The US Energy Information Administration (EIA) said the recent expansion of the global crude oil and petroleum product tanker fleet has results in falling rates for much of this year.
The impact has also widened the geographic scope for “economically attractive” trade at a time when inventories of both crude oil and petroleum products are at high levels.
The EIA said in recent years, global oil production and growth in global refining capacity in markets distant from crude sources led to an increase in orders for new vessels in anticipation of an increasing need for tanker transportation.
This resulted in several consecutive years of an expanding global tanker fleet, with an estimated net change of 205 ships added in 2015, according to Thomson Reuters.
The EIA said in a report: “To date in October, monthly average rates for very large dirty tankers in the carrier (VLCC)-size range traveling between the Arabian Gulf and Singapore, an indicator for the overall dirty tanker market, are down 23% from January. Rates for smaller average freight rate assessment (AFRA)-size range dirty tankers on the same route are down 49% from January.

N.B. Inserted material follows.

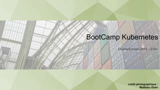 The document outlines the agenda for a Kubernetes bootcamp being held by ClusterEurope 2018. The morning session will cover Docker fundamentals and deploying a LAMP application using Docker, Minikube, and Helm. The afternoon session will cover additional Kubernetes features like namespaces, persistent volumes, secrets, auto-scaling, ingress, and liveness probes. It will also include a demonstration of serverless technologies using OpenFaaS. Pre-requisites for attendees include a Google account, Git, Minikube, Kubectl, and various code editors. The event is sponsored and will have help available from experienced SRE and cloud architects.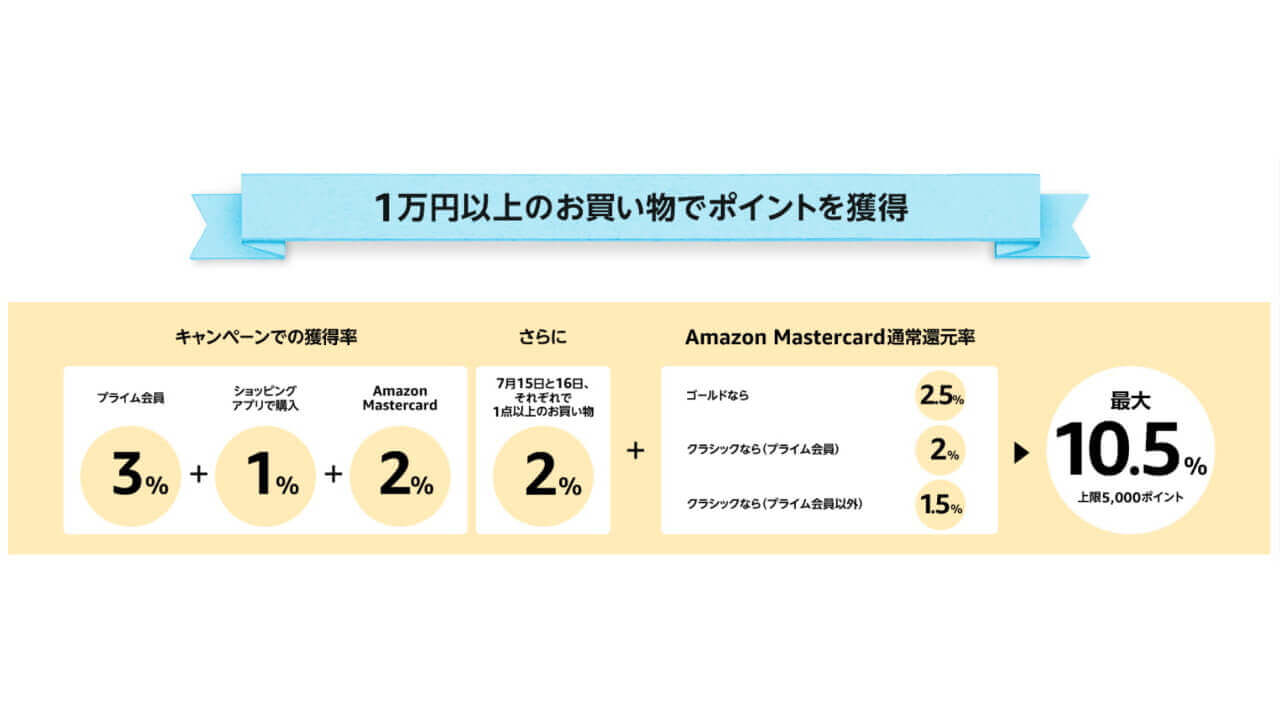 今年の「Prime Day」では、期間中に 10,000 円以上の買い物をした場合に、Amazon ポイントが最大 10.5% 還元される「Amazon ポイントアップキャナンペーン」も行われます。

“Rates for dirty VLCC-size range tankers and AFRA-size range tankers through October have each averaged 36% lower, respectively, than the full year 2015 average.
“Rates for clean tankers are also lower. The average October rate, to date, for a clean long range 1 (LR1)-size tanker on the Arabian Gulf-to-Japan route is down 38% from January. The monthly average rate for a smaller medium range (MR)-size range tanker on the same route is down 22% from January.
“With lower tanker rates, the price spread needed for economically attractive trade between two markets narrows, making it possible for importers to bring in distant supplies at reduced cost. For exporters, lower tanker rates increase the price competiveness of their supplies in more distant markets.
“This can help to explain some of the motor gasoline imports to the U.S. East Coast in 2016 from relatively distant countries such as South Korea, Malaysia, Taiwan, and Japan.”